Every single moment of your life, you have a choice. It’s not an easy choice. It’s not a choice anyone talks about. But no matter what you think about this truth, it exists. It’s hard to hear, and it sounds like tough love, but it’s simply the way that people choose to live their lives unconsciously.
We choose our reactions to external events.
The emotions we feel at any moment are our own. It might feel like the world puts its pain on us that we are forced to deal with, but it’s us who assigns the world meaning. I might look at the rain and be excited that my backyard arugula is getting watered, or I could despair that I can’t go long-boarding on the slick road today. We all have an internal value map that we overlay onto reality. When we do this, we create meaning without noticing it. We don’t say “I see the world as negative.” We just say “The rain doesn’t allow me to longboard today.” We choose the reality that we see without ever making a conscious choice.
This is not entirely our fault. As children, we learn how to respond to the things that make us happy or sad based on how we see others around us respond, how the world rewards our response, and how society responds to us. We learn to write the code that then writes us into it. We become our own unraveling.
But there is hope.
With every second that we exist on Earth, we are granted another chance to step out of the ideas we have about the world. Every moment is another chance at enlightenment. Every moment is another chance to start over. When anger clouds your mind, can you observe it as if it’s across the room? Can you see the world for what it is: a collection of facts that we put meaning onto? There’s a choice in seeing the rain as watering your plants or ruining your outdoor activities. But how many times have you told yourself “It’s raining” without any positive or negative association? Dropping the storyline–removing labels that identify whether a good or bad thing is happening to you–allows you to be fully present in the moment without judgment. Like so much of meditation, logic is flipped: don’t let a good story get in the way of the facts.

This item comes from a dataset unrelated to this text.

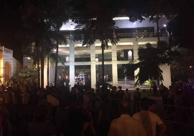 Διαδηλωτές εισέβαλαν στο Κογκρέσο της Παραγουάης και έβαλαν φωτιά στο κτήριο, λίγη ώρα αφού η Γερουσία ενέκρινε, σε μια ψηφοφορία που έγινε μυστικά, μια αναθεώρηση του Συντάγματος που θα επιτρέψει στον πρόεδρο Οράσιο Καρτές να διεκδικήσει την επανεκλογή του στον θώκο.
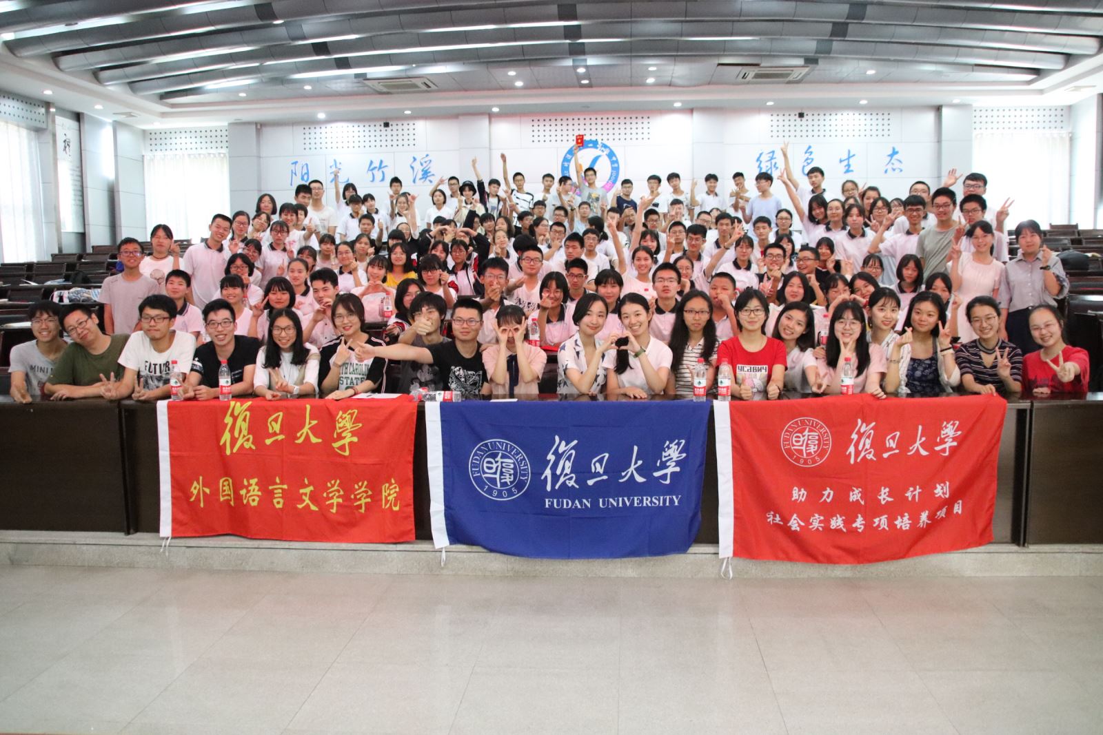 2018年7月24日至8月3日,在竹溪县委县政府的大力支持下,在万象城网页版,万象城(中国)“助力成长计划”社会实践专项的支持下,外文学院组织19名来自英文、俄文、德文、法文、日文等五个专业的本科生和硕士研究生,前往湖北省十堰市竹溪县学生实习基地和党员实践基地,举行第二期“携手复旦 激情英语”夏令营活动,外文学院副院长高永伟教授作为指导老师参加了支教活动,来自竹溪一中的140余名高中生参加了夏令营。

But what about joy? Are we supposed to leave joy at the doorstep every moment? Hold your preferences lightly. Enjoy–be in joy–but don’t be so wrapped up in it that it becomes everything you think about and try to hold onto. When you give up the idea of being joyful in every moment and become truly present, every moment is joy. How is this possible? Because there is nothing left for you to hold onto except what is right in front of you. And the present is filled with gentle emptiness.
The horrifying truth is that you choose your reactions. The refreshing conclusion is that we can always choose differently.